COLLECTED MATERIAL section start

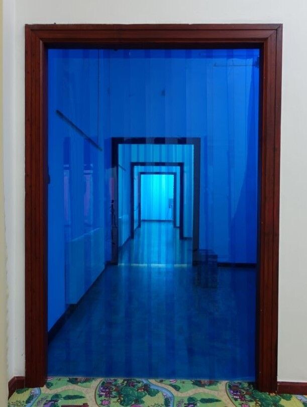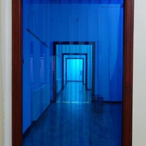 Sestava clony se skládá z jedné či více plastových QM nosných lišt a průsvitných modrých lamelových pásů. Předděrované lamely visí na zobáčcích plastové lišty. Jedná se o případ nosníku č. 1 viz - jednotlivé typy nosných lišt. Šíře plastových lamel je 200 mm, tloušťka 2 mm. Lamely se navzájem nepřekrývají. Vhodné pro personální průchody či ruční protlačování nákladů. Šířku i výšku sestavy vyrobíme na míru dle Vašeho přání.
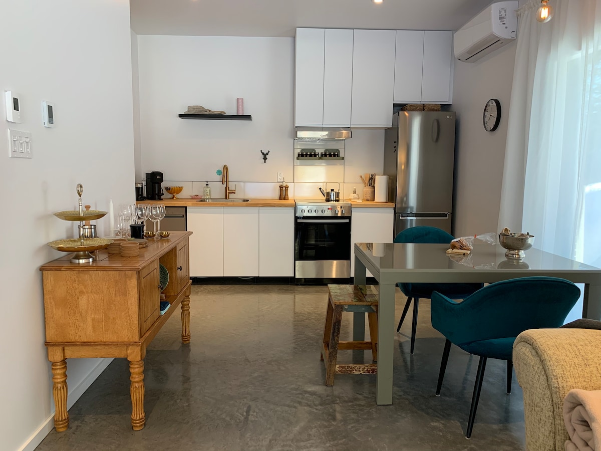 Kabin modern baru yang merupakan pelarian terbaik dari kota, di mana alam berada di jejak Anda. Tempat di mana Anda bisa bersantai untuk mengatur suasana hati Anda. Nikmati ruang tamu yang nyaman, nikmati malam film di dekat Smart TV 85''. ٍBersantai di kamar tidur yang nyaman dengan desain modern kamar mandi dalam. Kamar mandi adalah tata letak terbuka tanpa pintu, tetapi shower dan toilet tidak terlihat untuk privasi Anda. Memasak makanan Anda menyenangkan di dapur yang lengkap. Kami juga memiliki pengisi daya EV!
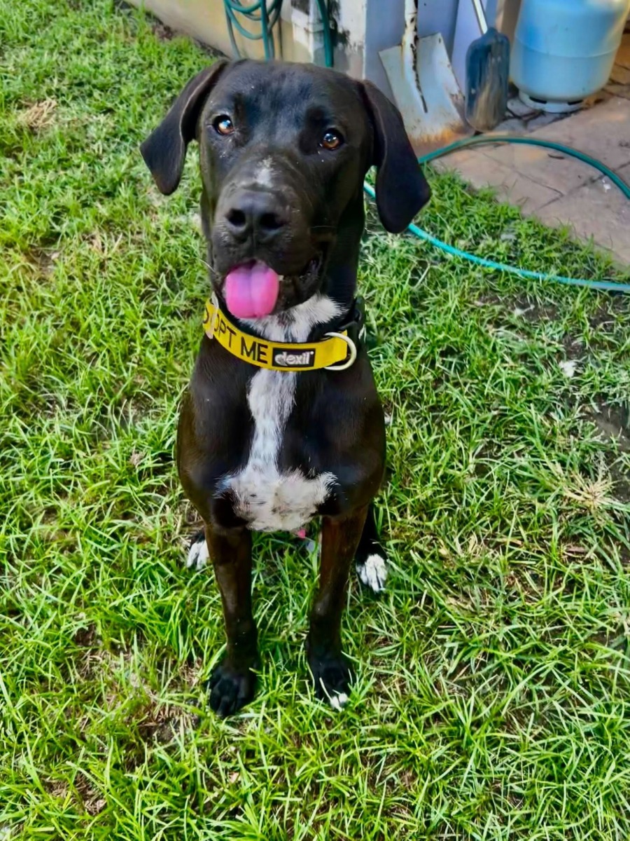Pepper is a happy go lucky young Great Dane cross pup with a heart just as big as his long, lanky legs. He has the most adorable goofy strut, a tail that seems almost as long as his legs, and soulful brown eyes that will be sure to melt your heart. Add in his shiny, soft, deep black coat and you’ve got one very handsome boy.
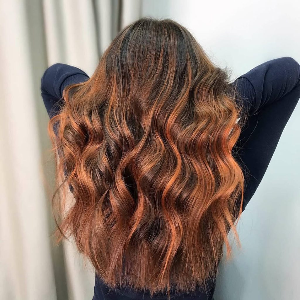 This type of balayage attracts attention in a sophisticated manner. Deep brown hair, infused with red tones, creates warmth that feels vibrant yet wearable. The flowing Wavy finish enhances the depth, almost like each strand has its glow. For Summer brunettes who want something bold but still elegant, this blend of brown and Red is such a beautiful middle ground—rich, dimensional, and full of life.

COLLECTED MATERIAL section end

[TASK GOAL]: Now repeat exactly the lines from the one with "Kabin modern baru" through the end of the listing above, both included, omitting all pictures.

[ANSWER TO THE PROBLEM]:
 Kabin modern baru yang merupakan pelarian terbaik dari kota, di mana alam berada di jejak Anda. Tempat di mana Anda bisa bersantai untuk mengatur suasana hati Anda. Nikmati ruang tamu yang nyaman, nikmati malam film di dekat Smart TV 85''. ٍBersantai di kamar tidur yang nyaman dengan desain modern kamar mandi dalam. Kamar mandi adalah tata letak terbuka tanpa pintu, tetapi shower dan toilet tidak terlihat untuk privasi Anda. Memasak makanan Anda menyenangkan di dapur yang lengkap. Kami juga memiliki pengisi daya EV!
Pepper is a happy go lucky young Great Dane cross pup with a heart just as big as his long, lanky legs. He has the most adorable goofy strut, a tail that seems almost as long as his legs, and soulful brown eyes that will be sure to melt your heart. Add in his shiny, soft, deep black coat and you’ve got one very handsome boy.
 This type of balayage attracts attention in a sophisticated manner. Deep brown hair, infused with red tones, creates warmth that feels vibrant yet wearable. The flowing Wavy finish enhances the depth, almost like each strand has its glow. For Summer brunettes who want something bold but still elegant, this blend of brown and Red is such a beautiful middle ground—rich, dimensional, and full of life.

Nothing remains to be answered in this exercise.